Preventing food waste - optimal fridge organization
Did you know that there’s actually an ideal order or layout of how to organize food in the fridge? A way that could help prevent food waste, reduce grocery bills and improve how sustainable your household is? So, to set the scene - you’re on your way home with your weekly Costco or Sam's Club haul, you are loaded up with more bags and boxes than you care to count, and then the dread hits… “Am I going to get all of this to fit in the fridge?!”
If you’re anything like me, when you get home you give a halfhearted attempt at making sure all the veggies stay together, the meats are separated and the dairy products are on another different shelf, all while fending off hungry kids who want to know what's for dinner.
It’s super easy for us to just slip down to the store and replace wilting foods with fresh produce, although it seems our collective habits have started to change over the last few years, and as folks are looking at ways to reduce our household bills. I'm the first to admit that I’m guilty of over-purchasing food products which I then proceed to forget about, and a week later I’ll find a half-wilted bag of spinach that I swore I was going to be making healthy smoothies with… Well, why does this matter - beyond of course emptying our bank accounts for no reason?

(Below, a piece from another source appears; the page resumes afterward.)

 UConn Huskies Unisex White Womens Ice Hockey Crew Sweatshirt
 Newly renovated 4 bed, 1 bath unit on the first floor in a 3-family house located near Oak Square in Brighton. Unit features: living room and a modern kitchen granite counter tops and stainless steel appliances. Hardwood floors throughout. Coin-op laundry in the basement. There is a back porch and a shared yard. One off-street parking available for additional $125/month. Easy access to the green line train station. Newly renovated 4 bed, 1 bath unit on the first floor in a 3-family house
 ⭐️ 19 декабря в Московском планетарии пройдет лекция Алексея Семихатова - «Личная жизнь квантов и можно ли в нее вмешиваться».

Is food waste a problem in the United States & Canada? Spoiler alert - Yes it is!
In the United States alone, food waste is estimated to account for 30 to 40 % of the entire food supply. This estimate, based on 2010 figures from USDA’s Economic Research Service, suggests that % food loss at the retail and consumer levels which corresponded to approximately 133 billion pounds, with a value of $161 billion.
On average, the Canadian household produces about 140 kilograms (or 308 lbs) of food waste per year, which costs around $1,100. Think of the savings to be had!

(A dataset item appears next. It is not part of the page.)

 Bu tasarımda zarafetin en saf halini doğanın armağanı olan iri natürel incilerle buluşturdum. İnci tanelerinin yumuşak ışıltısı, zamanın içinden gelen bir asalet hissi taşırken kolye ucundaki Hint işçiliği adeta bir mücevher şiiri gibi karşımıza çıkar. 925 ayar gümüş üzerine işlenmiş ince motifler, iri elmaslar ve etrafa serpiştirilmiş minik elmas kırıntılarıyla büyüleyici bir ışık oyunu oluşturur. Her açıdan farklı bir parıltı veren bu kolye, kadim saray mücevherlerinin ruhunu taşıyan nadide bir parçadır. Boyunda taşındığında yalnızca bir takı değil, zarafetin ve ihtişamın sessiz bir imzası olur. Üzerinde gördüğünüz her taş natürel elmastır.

For Canada as a country, a whopping 2.2 million tons of edible food is wasted each year, with an estimated value in excess of $17 billion. This also equates to 9.8 million tons of CO2, or 2.1 million cars on the road, which drastically contributes to Canada’s overall carbon footprint. Now I got that off my chest, you can skip straight to the section for our fridge optimization - top tips here, or keep on reading if you're interested in more facts!

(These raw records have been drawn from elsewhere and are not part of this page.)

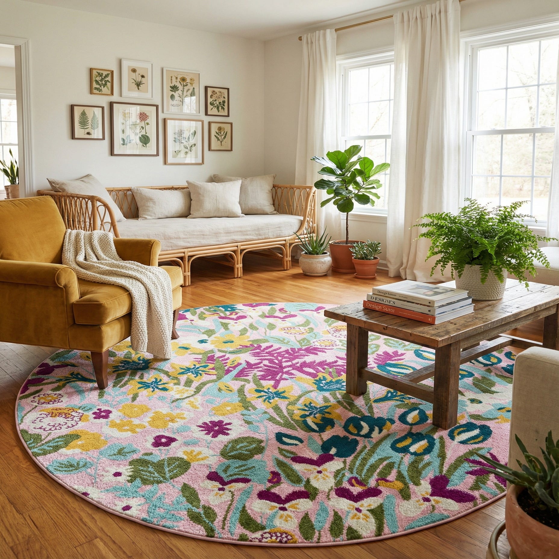 A lively botanical pattern spills across a pink background, with layered florals and foliage that feel hand-drawn yet crisp. Ivory blossoms, light blue and teal accents, yellow blooms, green leaves and pops of purple combine to create a garden-like composition that fills the round silhouette. Machine-made from 100% polypropylene, the rug has a low-to-medium, densely tufted pile that feels soft underfoot and shows the color contrasts with clear definition and a subtle, satiny finish.
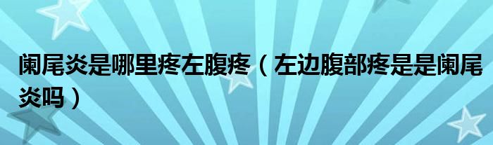 大家好,linda来为大家解答以上的问题。阑尾炎是哪里疼左腹疼,左边腹部疼是是阑尾炎吗很多人还不知道,现在让我们一起来看看吧!
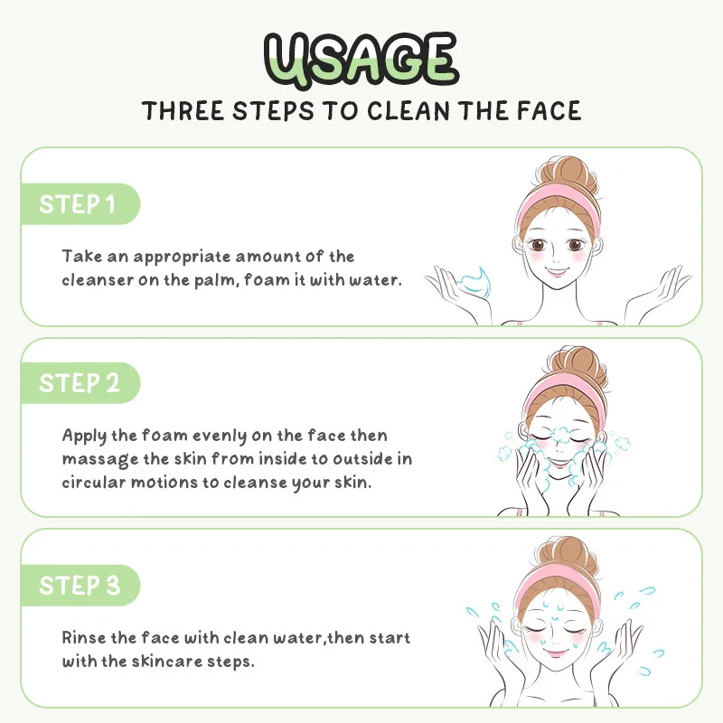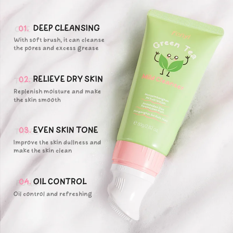 Organic Face Wash with Brush Acne Whitening Hydrating Foaming Green Tea Facial Mousse Cleanser for Oily Dry Skin
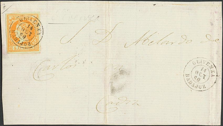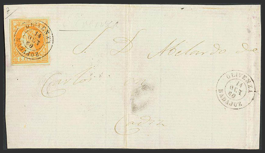 52. 1860. 4 orange cuartos . Front from OLIVENZA to CADIZ. Postmark OLIVENZA / BADAJOZ. MAGNIFICENT.

This amount of waste has far-reaching impacts on society, and potentially on the production of climate-change gases like methane:
- Food that could have helped feed families in need is currently sent to landfills
- Landfills release methane as organic food waste decomposes. The big problem with methane is its global warming potential (GWP), which is a calculation that allows experts to compare the effects of any gas emissions to carbon dioxide. According to the Intergovernmental Panel on Climate Change, in recent decades, methane has warmed the planet by as much 86 times more than CO2.
- Topsoil, water, labor and energy is wasted in huge quantities to produce, process, package and transport a disturbing amount of food that will simply be discarded. This all adds unnecessarily to the carbon footprint of the agricultural industry which keeps on growing as populations grow.
Does the U.S. and Canada have a goal to reduce food loss and waste then?
In 2015, the USDA joined with the U.S. Environmental Protection Agency to set a goal to cut US food waste by 50% by the year 2030. Canada is committed to the United Nation's 2030 Agenda for Sustainable Development, including Sustainable Development Goal 12.3, which also sets a target to -
"halve per capita global food waste at the retail and consumer levels and reduce food losses along production and supply chains, including post-harvest losses" by 2030.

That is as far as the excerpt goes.